There is little doubt that overseas money has had an impact on the high cost of Canadian real estate. 

Even the Canada Mortgage and Housing Corporation appears to have conceded the fact. In a speech this week, CMHC president Evan Siddall said that despite having poor data on foreign ownership, it was likely pushing up the price of Canadian housing.

There are two things that are less clear that may be crucial to the value of your home. The first is the size and distribution of the effect. The second is what will happen when foreign ownership dries up or withdraws. 

The fact that Canada does not have a good official estimate of how much foreign money is invested in Canadian housing is a scandal. Other countries assemble the information as a matter of course.

Anecdotal evidence

In Canada, even the head of the CMHC admits he is dependent on anecdotal information, partly because without making it a legal requirement, buyers may be unwilling to divulge their ownership status.

"Most of the available information is anecdotal. And the problem is that many foreign investors may prefer to hide their ownership," Siddall said in his speech this week.

Without an official way of gathering the data, private studies can be based on uncertain methods. They may fail to distinguish between investment by foreigners and purchases by new Canadians.
Signs with larger Chinese script outside a mansion under construction in Vancouver are the kind of anecdotal information indicating foreign money is coming to Canada seeking a safe investment.
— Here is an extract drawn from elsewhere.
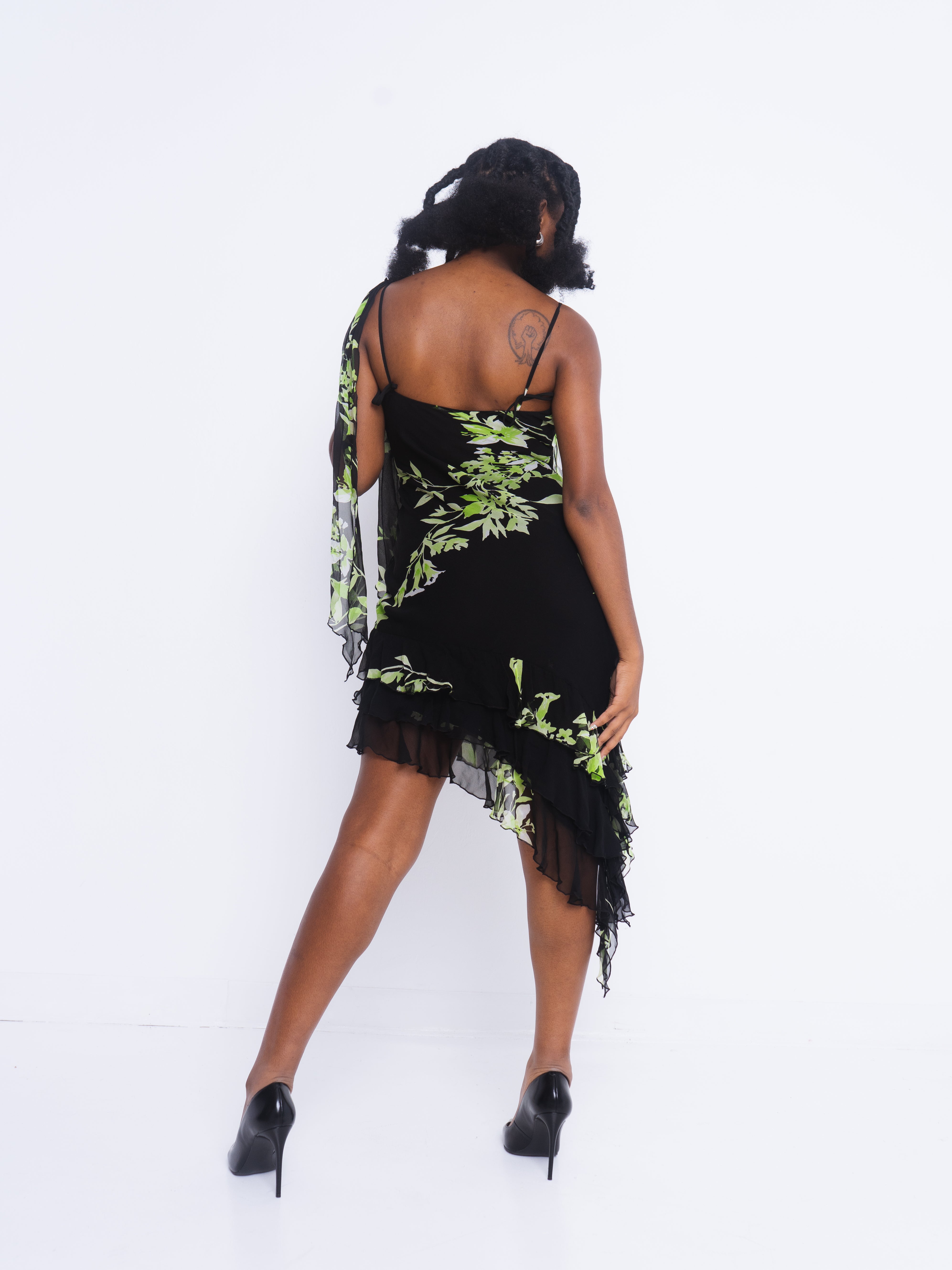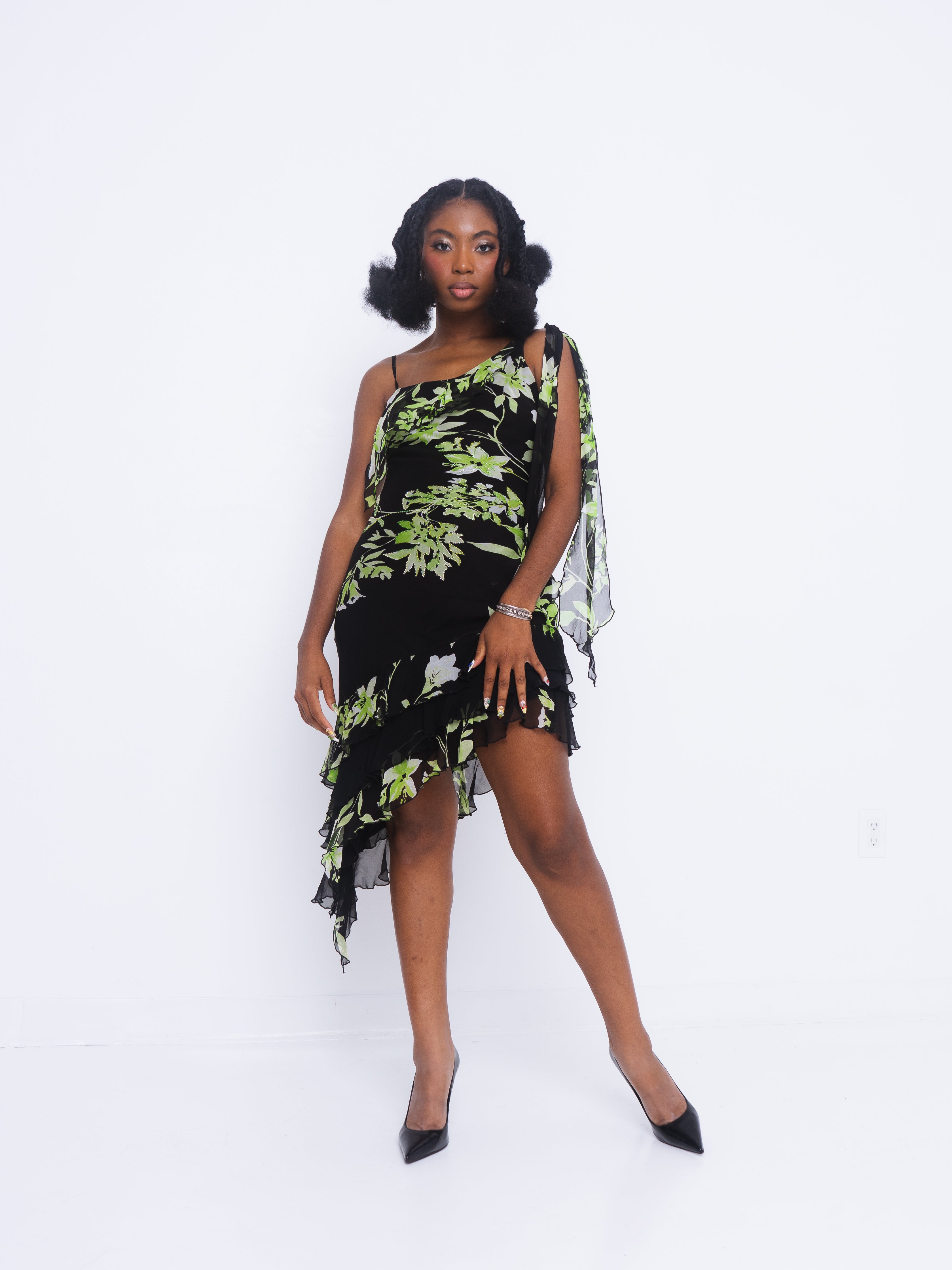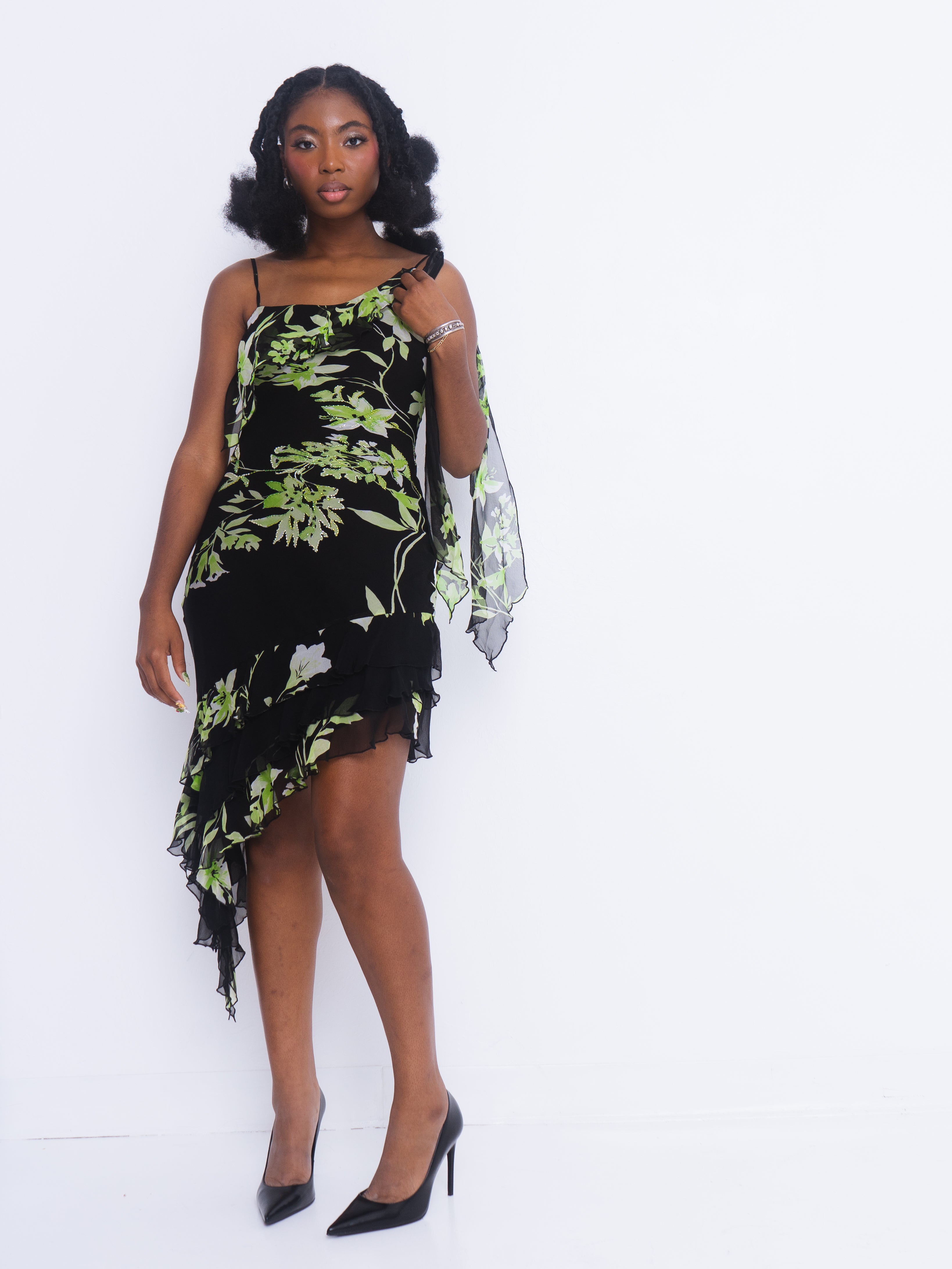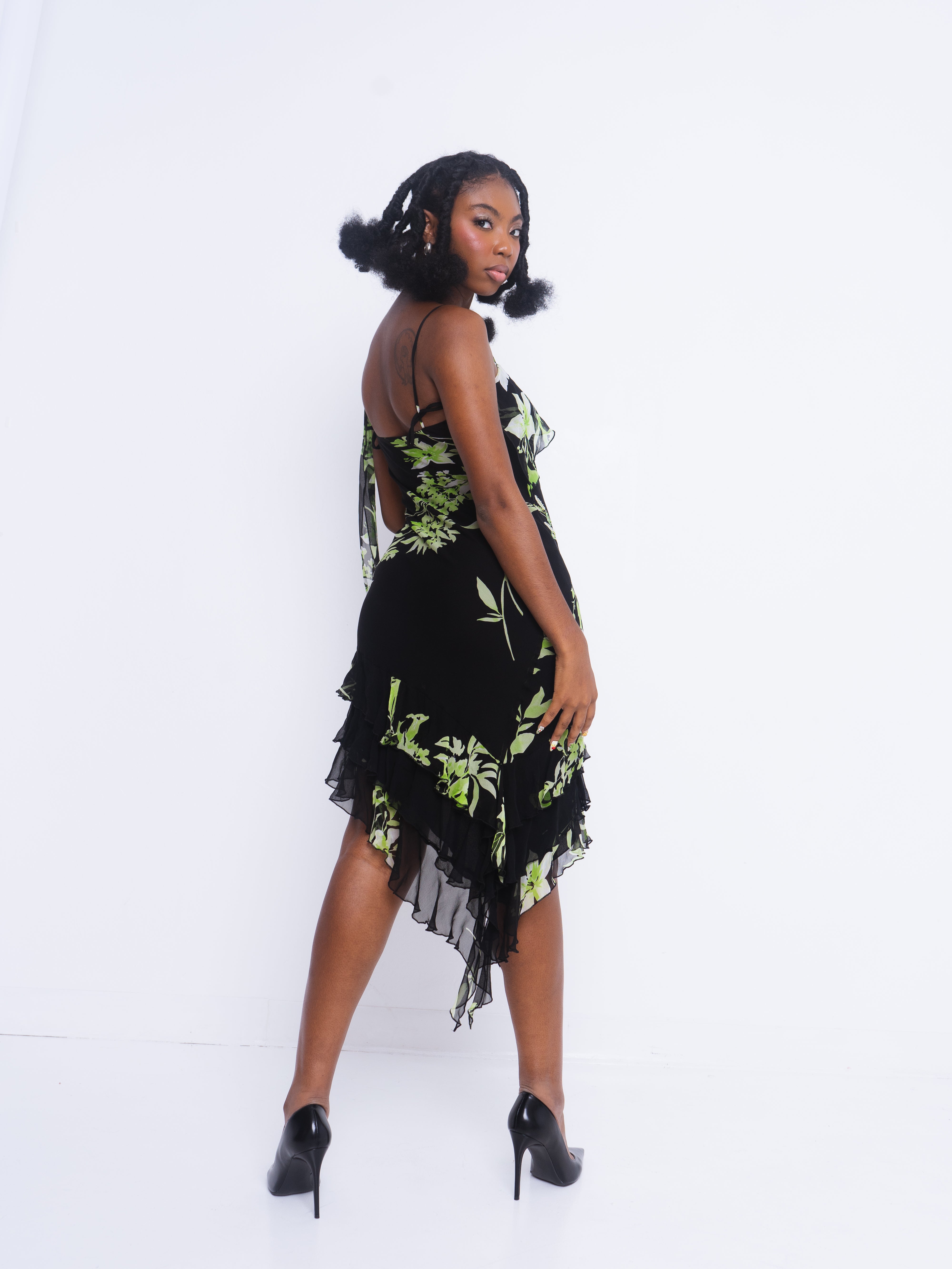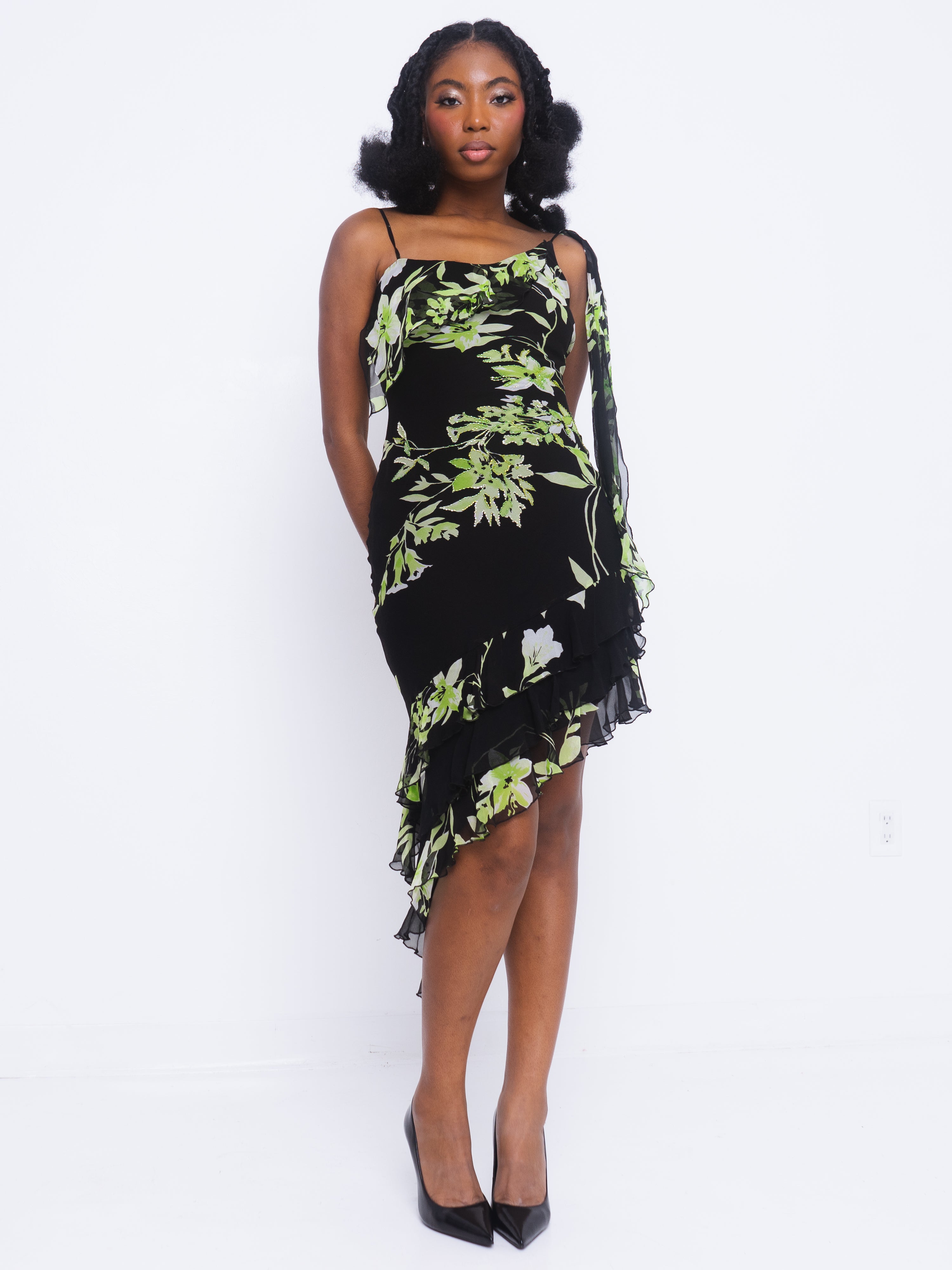 Y2K Silk Bias Floral Chiffon Caché Dress
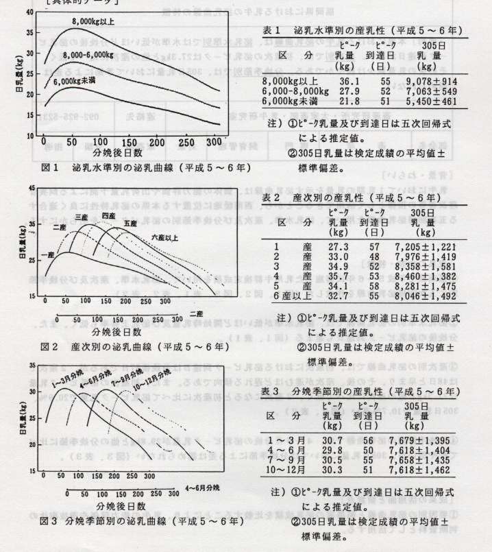 @福岡県で平成5〜6年に実施した乳用牛群検定成績を用いて、泌乳水準、産次及び分娩季節別に五次回帰泌乳曲線を作成した(図1、図2、図3、表1、表2、表3)。

But such evidence fails to indicate whether the buyers are speculative investors or new domestic residents making a long-term investment. (Reuters)

Whether based on anecdote or private research, the conclusions are often unreliable or controversial. Most recently, a study using non-Anglicised Chinese names as an indicator of foreign money in the market was pilloried as racist.

The impact of Chinese investment in Vancouver's red hot market is what most people imagine when they think of non-Canadian investment in domestic housing. Certainly the effect is clear in countries where they do collect that kind of data.

But anecdotal tales of foreign buyers purchasing blocks of condos means that overseas investors, especially those with family members in the country, would not necessarily restrict themselves to luxury homes, nor to the biggest cities.

Taking a stake

In principle, there is absolutely nothing wrong with foreign money taking a stake in the Canadian real estate market. Domestic investors do the same thing. It helps support the construction sector. It provides homes for Canadians without investment capital and homes for those whose mobile lifestyle is better suited to renting.  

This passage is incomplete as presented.